Menghindari hipotensi (dan normotension pada pasien yang biasanya memiliki angka
tekanan darah yang tinggi dalam kesehariannya), dapat mencegah komplikasi akibat
perfusi yang kurang, terutama untuk mengontrol hemodinamik. Salah satu cara untuk
mencegah efek hipotensi ini adalah dengan memberikan kristaloid minimal 1000 ml
atau koloid 500 ml. Koloid 500 ml dikatakan lebih bermakna dibanding kristaloid
1000 ml. Dan pada pasien ini, sudah diberikan koloid berupa Gelafusal (Gelatin)
sebanyak 500 ml.
Pada pasien ini digunakan cairan infus Ringer Laktat 1500 cc untuk mengganti
defisit cairan puasa sebelum pembedahan dan kehilangan cairan selama pembedahan.
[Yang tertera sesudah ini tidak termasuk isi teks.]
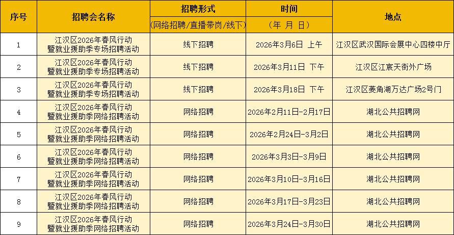 江汉区人力资源局工作人员介绍,为持续发力稳就业、促民生,江汉区后续将持续加码就业服务,分别于3月11日、18日在江宸天街、菱角湖万达广场举办专场招聘活动,不断拓宽就业渠道、优化就业服务。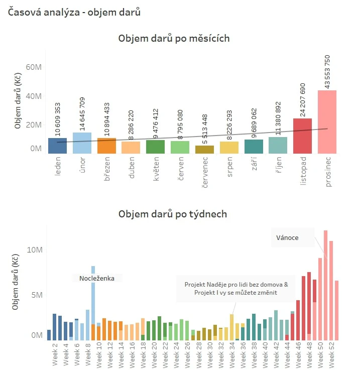 Největší vliv na výsledky časové analýzy měl top projekt Nocleženka, díky které byly z hlediska objemu darů nejsilnější zimní měsíce a nejštědřejší dny 26.–28. únor 2018.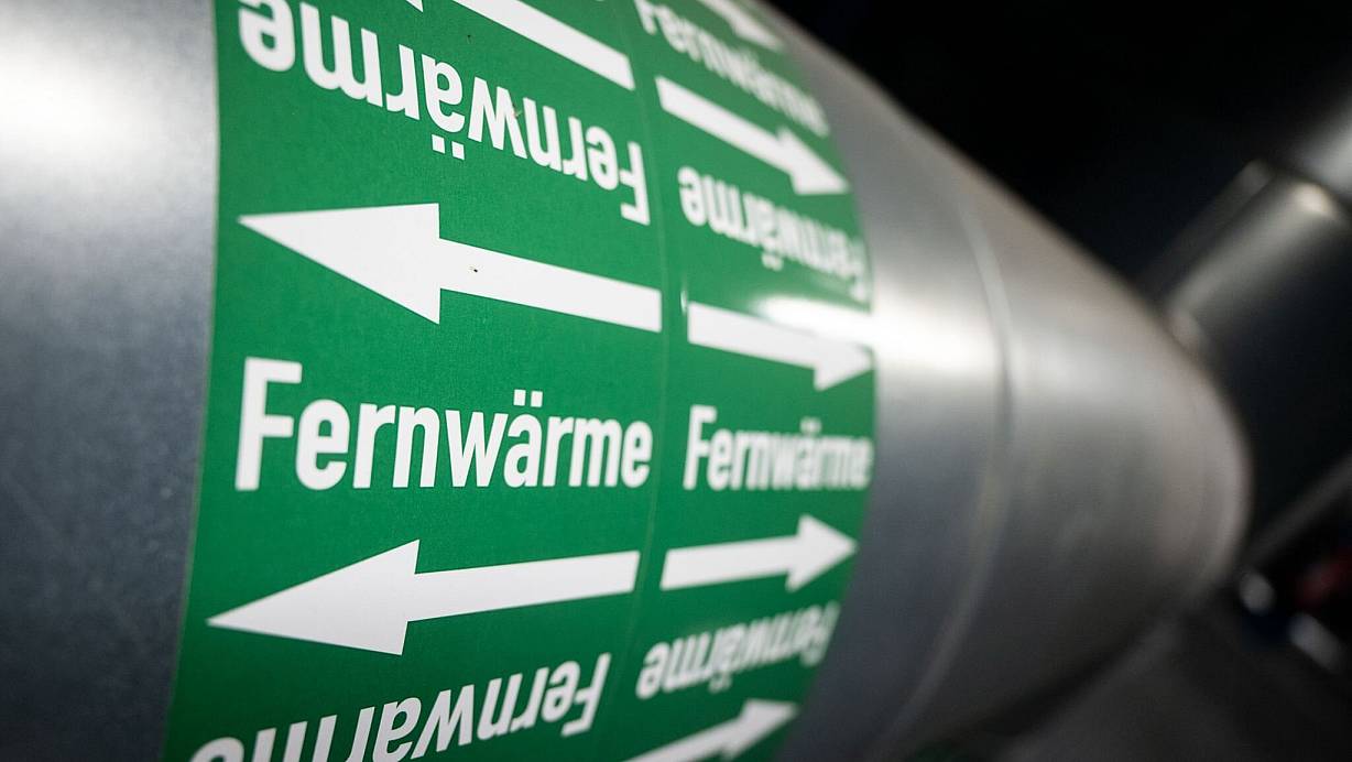 Leitungen sind in der Fernwärmeverteilerstation eines Heizkraftwerks zu sehen. | © Marijan Murat/dpa

Terapi cairan durante operasi dijabarkan sebagai berikut :
Berat badan : 50 kg
Terapi Cairan :
Maintenance = 2x50= 100 cc
Pengganti Puasa (PP) = 6 x maintenance = 6 x 100 = 600 cc
Stress Operasi = 6cc/kgBB (Sedang)
= 6cc x 50
= 300cc
Jam I = ½ PP + M + SO
= 300 + 100 + 300
= 700 cc
Estimated Blood Volume = 75 x BB
= 75 x 50
= 3750 cc
Allowed Blood Loss = 20% x EBV = 20% x 3750 = 750 cc
Kebutuhan cairan total = 700 + 750 = 1450 cc
Sehingga dapat disimpulkan kebutuhan cairan pasien sudah terpenuhi.
Selain itu pasien diberikan ketorolac sebagai pencegah nyeri pasca pembedahan.
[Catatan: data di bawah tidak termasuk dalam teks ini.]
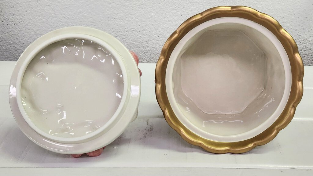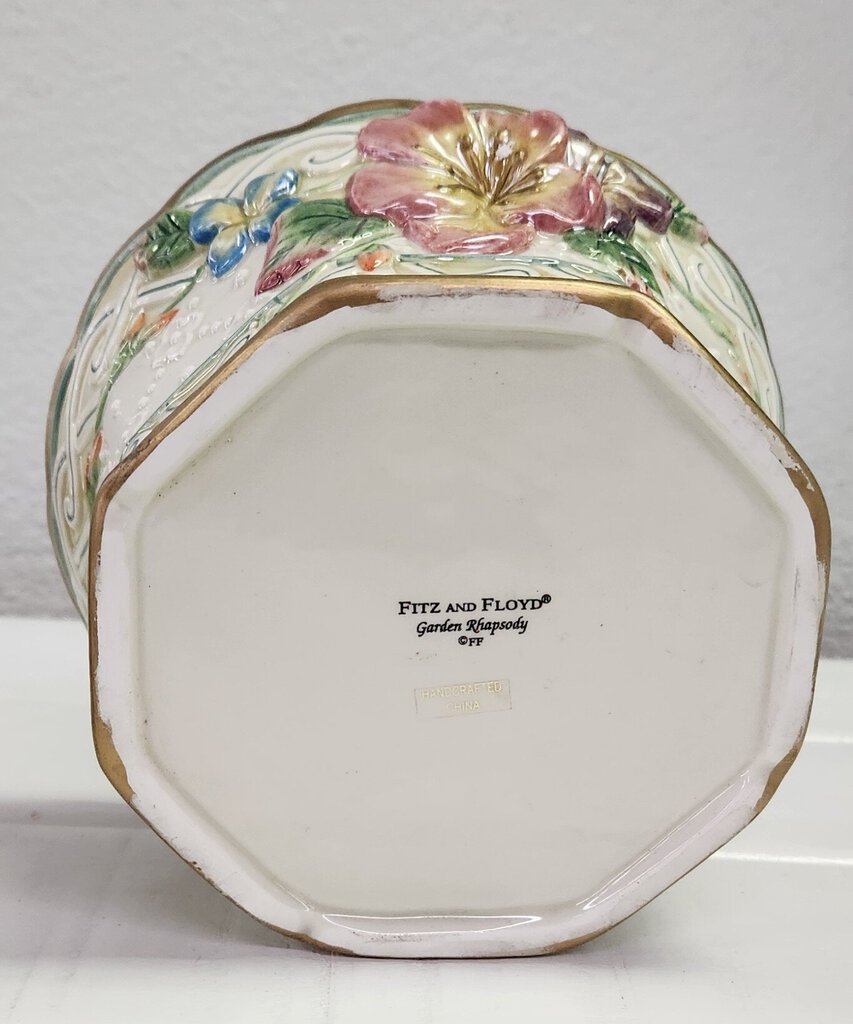 By Fitz and Floyd. Hand painted porcelain. Original box. 8" H, 6" diameter.

Ketorolac adalah AINS, bekerja menghambatb enzim COX1 dan COX2, dengan
durasi sedang, dan dengan waktu paruh 4-6 jam. Pasien juga diberikan asam
tranexamat sebagai antifibrinolitik sehingga mengurangi perdarahan pasca
pembedahan.
Tekanan darah dipantau setiap 15 menit untuk mengetahui penurunan tekanan
darah yang bermakna. Efedrin diberikan ika terjadi penurunan tekanan darah > 20%
dari tekanan darah awal. Sehingga pada pasien ini tidak diberikan. Nadi dan SpO2
juga dipantau dengan pulse oxymetri.
2.4 Post Operasi
Pasien kemudian dibawa ke ruang pemulihan (Recovery Room). Pengawasan
ketat dilakukan sampai tanda bahaya hilang. Komponen yang perlu di monitoring
berupa vital sign dan SpO2. Selama di ruang pemulihan, jalan nafas dalam keadaan
baik, pernafasan spontan dan adekuat serta kesadaran composmentis. Tekanan darah
selama 15 menit pertama pasca operasi stabil yaitu 155/80 mmHg. Kemudian
digunakan penilaian pemulihan anestesi dengan menggunakan skala bromage. Pada
pasien ini, skornya adalah 2 yang berarti dapat menekuk lutut tetapi tidak bisa
mengangkat kaki sehingga bisa dibawa ke ruang perawatan.
BAB III
KESIMPULAN
1. Pasien, Tn.A didiagnosis BPH dilakukan tindakan prostatektomio. Pasien dengan
hipertensi esensial sehingga masuk kategori ASA 2.
2. Anestesi dilakukan dengan teknik anestesi spinal menggunakan Bupivacain HCl.
3. Cairan yang diberikan selama operasi adalah Gelafusal 500 cc dan Ringer laktat
sebanyak 1500 cc.
4. Lama operasi 45 menit.
5. Pasien di ruang pemulihan stabil dengan skor skor bromage 2 sehingga pasien dapat
di bawa ke ruang perawatan.
DAFTAR PUSTAKA
Gupta, S., et al. 2005. Airway Assesment: Predictor op Difficult Airway, Indian Journal
Anasthesiology, 45 (9): 257-263
Ezekiel, M.R., et al. 2004. Handbook of Anesthesiology, Current Clinical Strategies,
California.
Latief,S.A., et al, 2001. Petunjuk Praktis Anestesiologi, edisi II, FK UI, Jakarta.
Muhiman, M., et al., 1989. Anestesiologi, FK UI, Jakarta.